Mullen incisively outlines a new narrative in American religious history. That narrative should prompt us to ask new questions. The history, for the most part, follows converts to institutional religions. Conversion accounts to specifically non-institutional religions might provide a helpful counterpoint to the study. How did Spiritualists, for example, interact with this conversion history? Counterexamples like this might reveal limits to the pervasiveness of Protestantism’s influence on conversion.[6] Likewise, the thematic nature of conversion narratives is triumphant—they are stories of the success of entering a religious community. As such, historians need to be careful not to miss the nuances and multiplicities of conversion experiences that do not fit within a triumphant and successful narrative. What happens to the history of conversion if we consider such a history in terms of conversion careers?[7] Does switching between traditions carry over any elements of conversion narratives between these traditions? How should historians make sense of the, admittedly few, deconversion narratives in nineteenth-century America? Lastly, this narrative implies that religion-as-choice wins out against traditionally-inherited ethnic religion. When, largely, did this happen? How did immigrants and the native-born encounter religion-as-choice? In what ways did ethnic religious traditions incorporate religion-as-choice into their communities, symbolism, and theologies? How, exactly, might this contest/contribute to theories of secularization? These are questions that The Chance of Salvation prompts us to ask in future studies.


[1]Lincoln A. Mullen, The Chance of Salvation: A History of Conversion in America(Cambridge, Massachusetts: Harvard University Press, 2017), 7–15.

[2]Jon Butler, “Jack-in-the-Box Faith: The Religion Problem in Modern American History,” Journal of American History 90, no. 4 (March 1, 2004): 1357–78.

[3]For Protestant print networks, see Candy Gunther Brown, The Word in the World: Evangelical Writing, Publishing, and Reading in America, 1789-1880 (Chapel Hill: University of North Carolina Press, 2004). I’m using “web of print” from David J. Whittaker, “The Web of Print: Toward a History of the Book in Early Mormon Culture,” Journalof Mormon History 23, no. 1 (1997): 1–41. Web of print is my shorthand,Mullen uses other language.

[4] Mullen, The Chance of Salvation, 135.

[5] Mullen, 151.

[6]For an eighteenth-century study of the spread of Protestant conversion narratives, see Douglas L. Winiarski, Darkness Falls on the Land of Light: Experiencing Religious Awakenings in Eighteenth-Century New England., Published for the Omohundro Institute of Early American History and Culture, Williamsburg, Virginia (Chapel Hill: The University of North Carolina Press, 2017).

[7]See James T. Richardson, ed., Conversion Careers: In and Out of the New Religions (Beverly Hills: Sage Publications,1978), Lewis R. Rambo, Understanding Religious Conversion (New Haven: Yale University Press, 1993), and Henri Gooren, Religious Conversion and Disaffiliation: Tracing Patterns of Change in Faith Practices (New York: Palgrave Macmillan, 2010) for provocative models of understanding conversion careers.

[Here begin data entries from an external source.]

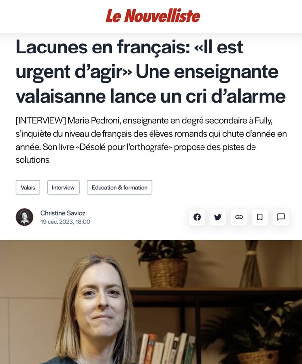 Une enseignante de français a publié un livre, car il est « urgent d'agir » pour augmenter le niveau de français des jeunes élèves... https://www.lenouvelliste.ch/valais/lacunes-en-francais-il-est-urgent-dagir-une-enseignante-valaisanne-lance-un-cri-dalarme-1349861 D'avance merci à vous de parler de notre projet de bibliothèque itinérante à vos contacts et à vos amis ;-)
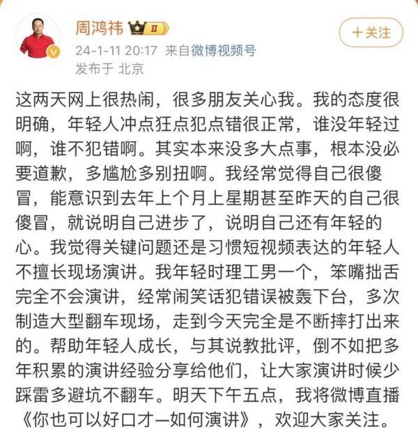 在程前公开道歉后,周鸿祎发文表示,“年轻人犯错很正常,与其说教批评,倒不如把多年积累的演讲经验分享给他们”,顺便预告了自己的直播公开课《你也可以好口才—如何演讲》。
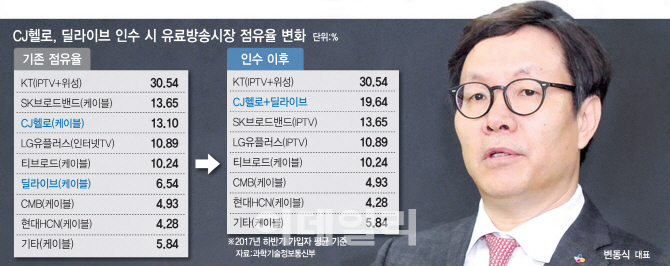 이런 상황에서 두 회사는 혈맹을 통해 몸집을 키우자는데 ‘기본적으로’ 합의했다. 2017년 하반기 기준 CJ헬로의 유료방송시장 점유율은 13.10%, 딜라이브는 6.54%로 합치면 19.64%가 돼 KT군(KT와 KT스카이라이프)의 30.54%에는 한참 뒤떨어지지만 SK브로드밴드(13.65%)는 훌쩍 앞선다.

Article filed under Book and Journal Reviews Cultural History Historiography


Comments

  1. The historiographical situating was really helpful for me. Thanks, Jeff!

    Comment by J Stuart — December 14, 2018 @ 10:39 am

  2. Thanks Jeff. Great analysis and I’ll want to look at this.

    Comment by Terry H — January 2, 2019 @ 9:16 am

  3. I certainly appreciate you taking the time to acknowledge my. Great Aunt. I am her neice from Mississippi My grandfather was Alice Snow son .and I share some of the same scars as well I am honored and so pleased at your edification.